Are you an extreme size – short, tall, skinny or large – but still want to ride a motorcycle? Unfortunately, you are out of luck as few stores stock these extreme sizes.
A former motorcycle gear distributor says it’s purely a commercial decision. It costs money to buy the stock and have it sit in the store on the off-chance that an overly large or small rider will buy it.
He suggests that for large gear, you shop online through American outlets as they cater for the rather large American riders.
It should also be noted that Harley-Davidson stores stock American-made clothing which comes in sizes right up to a massive 5XL, although their boots only go up to American size 13 (12.5 Australian).
If you are looking for smaller sizes, you should try Asian online motorcycle outlets or consider buying children’s sizes from the US and Europe.
The issue has come to light recently after Geelong rider Alastair Bain contacted Motorbike Writer saying he couldn’t find motorcycle boots anywhere for his size 15 feet.
“I have contacted large retailers, Rossi and even bought a pair of Forma size 16 boots online that were about 2 sizes too small,” says the BMW K 100 RS rider.
“I can’t for the life of me find any motorcycle boots that are a genuine 15 and I have been rejected from a returning rider course because I was told I needed to have motorcycle boots.
“I argued that I couldn’t get them and this made it all the more important for me to do the course as I was less protected than other riders.
“My plea fell on deaf ears and I have been unable to enrol in the course and continue to ride, untrained, in steel cap work boots.”
We contacted several distributors who said they did have large boot sizes in stock, but there doesn’t seem to be a lot of variety to choose from.
Matthew Dowd of Ficeda says they have a Berik GPX boot in size 15 (part number BK1323BK49) which costs $329.95. However, the largest off-road boot they stock is size 14.
He says stores are reticent to stock extreme sizes “as those sizes just don’t sell, only every blue moon”.
Suus spokesman Stewart MacCiolli says they only stock European-made Stylmartin boots, but they don’t make a size 15.
“We hold the smallest and largest sizes available, both male and female,” he says.
“The smallest that we have available is a size 5(E36) and largest is a size 13 (E47).”
McLeod Accessories Brand Manager Andrew Wright says they go up to a size 50 in SIDI which is a US size 14.5, but says only larger stores carry this size.
|Men’s Boot Sizing Chart|
Several hours later Andrew rang back to say he had found that Mornington Ducati have both size 49 and 50 in the SIDI Vertigo boot in store for our Geelong rider.

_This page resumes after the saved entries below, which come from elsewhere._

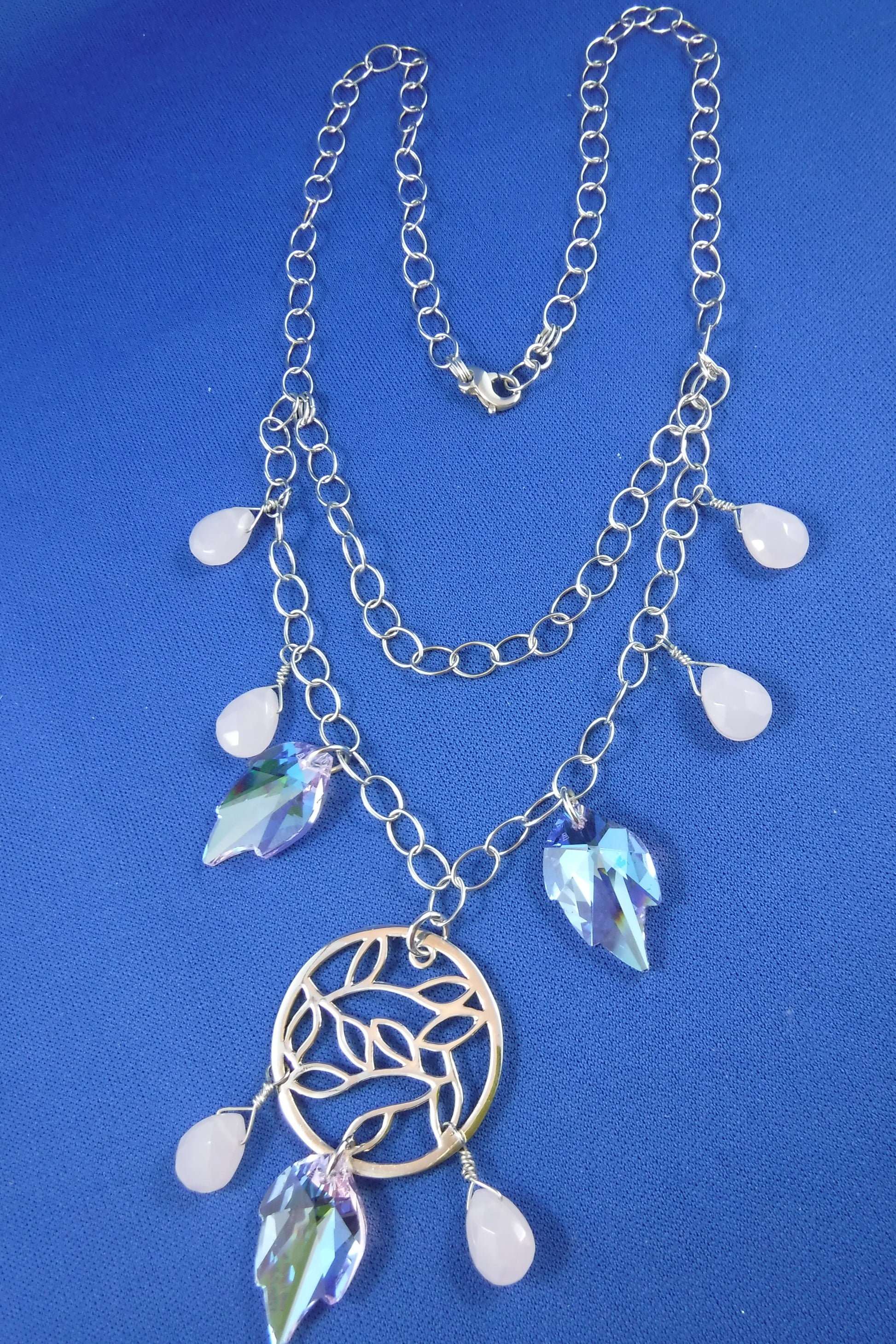 Sterling silver chain with Swarovski crystals, Rose Quartz teardrops and sterling pendant (20 1/2"). See matching drop earrings E-441
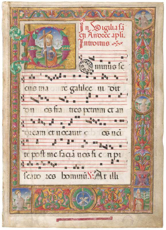 Frontispiece of the Belluno Gradual with an historiated initial "D" opening the Introit Dominus secus mare Galilee for the vigil of the Feast of St. Andrew (29 Nov.), depicting St. Andrew, the first saint celebrated in the Sanctorale. The rubric, in red, reads: "In Digilia sa[n]cti Andree ap[osto]li Introitus." St. Andrew holds a cross in a landscape before a rocky road, the initial is composed of a cornucopia and acanthus terminals against a burnished gold ground. Four half-length Franciscan saints in the full border of Renaissance ornament include: Bernard, Anthony, Bonaventure with the Arbor Crucis and Francis of Assisi receiving the stigmata. At the center of the lower border is a wreath enclosing the emblem of the Franciscan order [two arms crossed, one bleeding from the hand, before a cross]. Below the border is a red banderole inscribed in liquid gold capitals, OPUS: CONVENTUS MINORUM CIVIDALIS BELLONE: LUDOVICUS P[INXIT]. There are 7 lines with musical notation in black on a red four-line stave. The purple ownership stamp of the library of the princes of Stolberg-Wernigerode appears at the bottom right. Musical notation appears on the reverse.
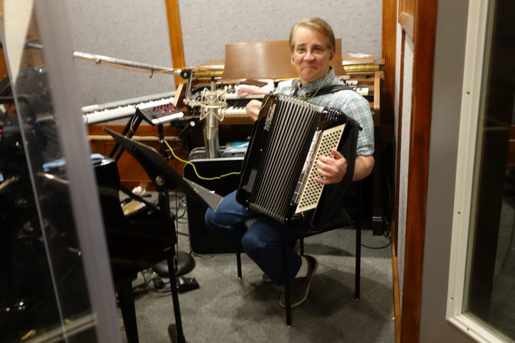 Joey Miskulin (a.k.a. “Joey the Cow Polka King,” Riders In The Sky) takes a break from the recording session.

Draggin Jeans sales and retail coordinator Rachel Rowley says stores don’t want to hold extreme sizes as they don’t often get requests for them.
“We offer all our stockists the opportunity to order the bigger or smaller sizes on an order and return policy so there is no risk to them in ordering a size in for a customer to try and we overnight ship everything so there is no delay,” she says.
“It’s a really tough call to make for a store and most know their demographic and stock accordingly. In general stores don’t want to have money tied up in stock that they may only get a request for once a year and so our order and return seems to suit them.
“We offer size 6 to size 24 in ladies styles and size 26 to 60 in men’s so we do have something to fit everyone.”
Ron Angel Wholesale National Manager Grant Sammut says they don’t sell boots anymore, but says XS and XXL clothing sizes are difficult to sell.
“We invariably get stuck with them at the end of every model run, whether it’s helmets or clothing, and for every one you get stuck with, you might as well not have sold the last four that you sold at full price,” he says.
“I’ve had the same XS and XXL helmets on special at below cost for the last few years … still got them.
“Actually, I’ve still got some 13 and 14 boots that I’ve had here since 2012 too. It’s not a good investment.
“Pretty much every motorcycle shop in the country has a specials bin full of XS/XXL products too.
“With size 15 – that’s way outside a viable thing to stock. I really feel sorry for people that have really large/small needs – but the percentage of the market that needs those sizes is very small, so it’s just isn’t viable to commit too much stock in those sizes as it only takes the smallest variance to become overstock/dead stock and start ruining your profitability in a big way.”
So there may be some extreme sizes out there, but finding them could be difficult.
It all leaves Alastair and others like him very frustrated.
“Surely there must be boots out there for people with big feet? I can jump online and buy casual and dress shoes up to size 17 no problem, but it doesn’t seem anyone is catering to big-footed bike riders,” he says.
“I have also tried Eu50 boots also which are far too small. For some reason these tend to be sized smaller than work boots.
“It is frustrating and although I have large feet, there are plenty of people out there with bigger feet, and it seems that as a general population we are getting bigger and bigger.”
The only other answer to extreme sizes is custom gear although it does make it more expensive.